WHAT THE TASK REQUIRES
Restate all data exactly. No images.
++++ DATA PROVIDED ++++
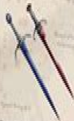
Sword of the Dragon Riders

When a dragon is born, it is a small, helpless creature. It needs to be fed, and it needs to be protected. It is the duty of the Dragon Riders to care for the dragons until they are old enough to fend for themselves. The dragons are the most powerful creatures in the world, and they are the most loyal. They are the only creatures that can fly, and they are the only creatures that can breathe fire.
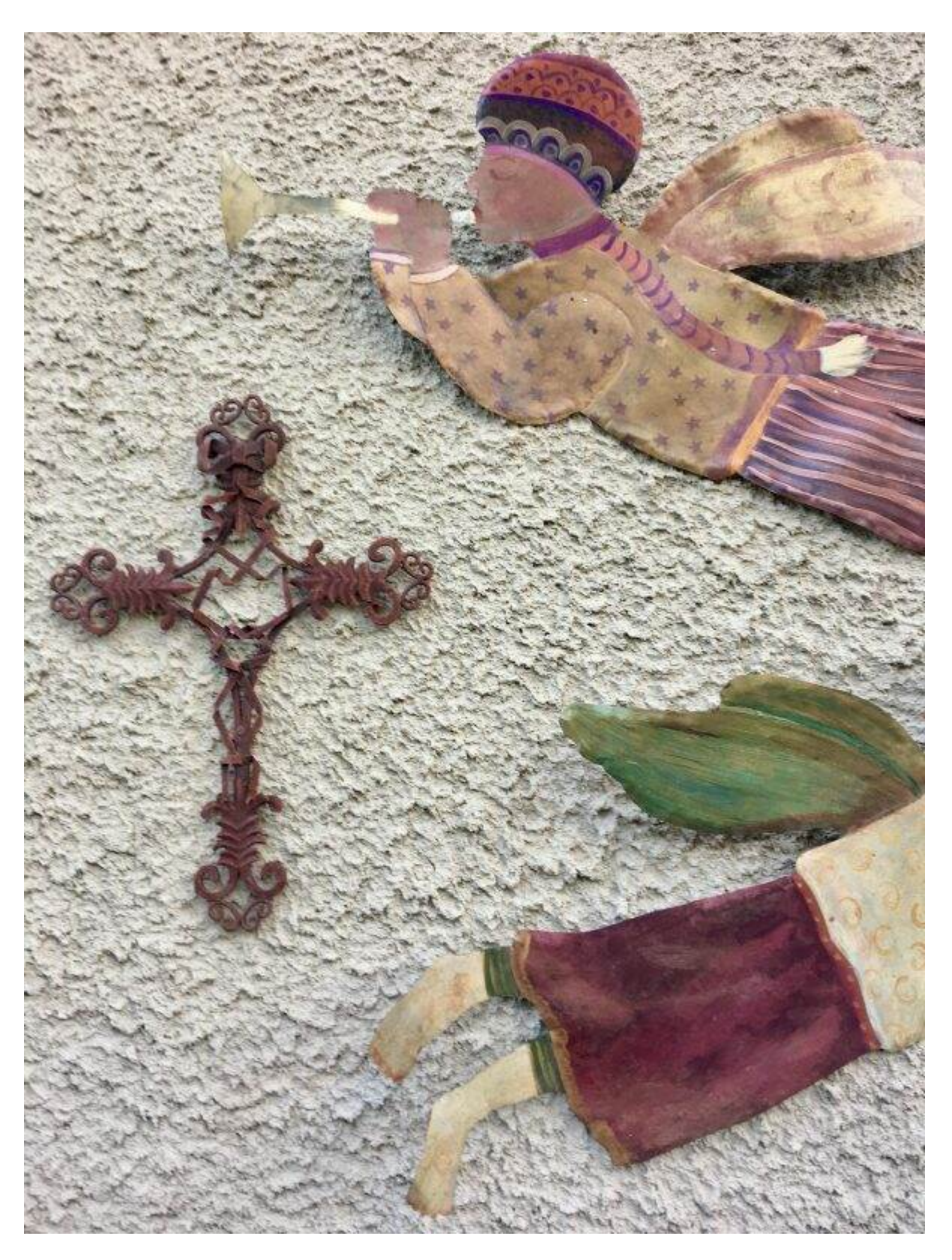
My goal for the rest of 2019 is to live purposefully and with

media or Pinterest. It's not easy to forget those holidays when I mourned the loss of loved ones or struggled with other personal pain. But when you have a good year, it should be celebrated.
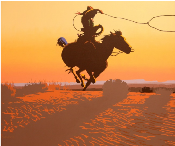
Billy Schenck, Throwin' A Loop , Oil on canvas
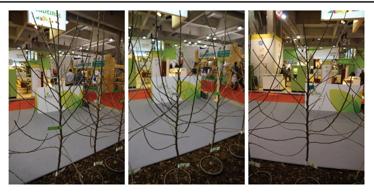
Three different cultivar tree samples of the highest quality apple nursery trees, grade 1st Quality 7+ Extra, at the GRIBA Nursery display at the INTERPOMA Trade Show in Bolzano, November 14, 2014.
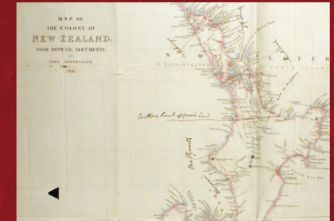
This collection includes a detailed map showing the Colony of New Zealand in 1841, by cartographer John Arrowsmith.

Over 4 million records covering 1000 years of world history: from politics & warfare, to slavery & revolution.
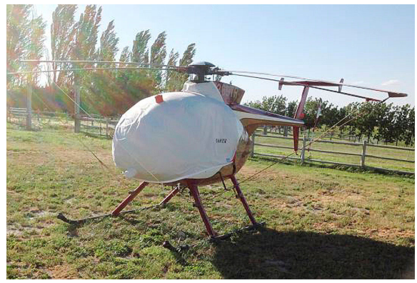
MD500D Bubble Cover with Intake Add-On
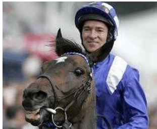
Eswarah

Sheikh Hamdan bin Rashid al Maktoum's Eswarah (GB) (Unfuwain) defied inexperience and a tough rival in Something Exciting (GB) (Halling) to record a half-length success in the G1 Vodafone Oaks at Epsom yesterday.
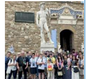
Statue of David
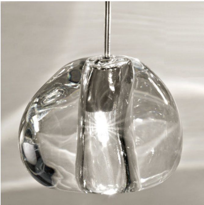
Shown in: Brushed Nickel / Clear

DESCRIPTION The Mizu pendant, designed by Nicolas Terzani, is a hand-made artistic light inspired by tranquil and mesmerizing light refractions created by water. Like water droplets, no two Mizu fixtures are alike. Each crystal shape is unique. Mizu is made from 24 percent lead, the clearest crystal, and perfectly emulates water's refraction of light creating amazing patterns around a room.
++++
SOLVED EXERCISE
Sword of the Dragon Riders

When a dragon is born, it is a small, helpless creature. It needs to be fed, and it needs to be protected. It is the duty of the Dragon Riders to care for the dragons until they are old enough to fend for themselves. The dragons are the most powerful creatures in the world, and they are the most loyal. They are the only creatures that can fly, and they are the only creatures that can breathe fire.
My goal for the rest of 2019 is to live purposefully and with

media or Pinterest. It's not easy to forget those holidays when I mourned the loss of loved ones or struggled with other personal pain. But when you have a good year, it should be celebrated.
Billy Schenck, Throwin' A Loop , Oil on canvas
Three different cultivar tree samples of the highest quality apple nursery trees, grade 1st Quality 7+ Extra, at the GRIBA Nursery display at the INTERPOMA Trade Show in Bolzano, November 14, 2014.
This collection includes a detailed map showing the Colony of New Zealand in 1841, by cartographer John Arrowsmith.

Over 4 million records covering 1000 years of world history: from politics & warfare, to slavery & revolution.
MD500D Bubble Cover with Intake Add-On
Eswarah

Sheikh Hamdan bin Rashid al Maktoum's Eswarah (GB) (Unfuwain) defied inexperience and a tough rival in Something Exciting (GB) (Halling) to record a half-length success in the G1 Vodafone Oaks at Epsom yesterday.
Statue of David
Shown in: Brushed Nickel / Clear

DESCRIPTION The Mizu pendant, designed by Nicolas Terzani, is a hand-made artistic light inspired by tranquil and mesmerizing light refractions created by water. Like water droplets, no two Mizu fixtures are alike. Each crystal shape is unique. Mizu is made from 24 percent lead, the clearest crystal, and perfectly emulates water's refraction of light creating amazing patterns around a room.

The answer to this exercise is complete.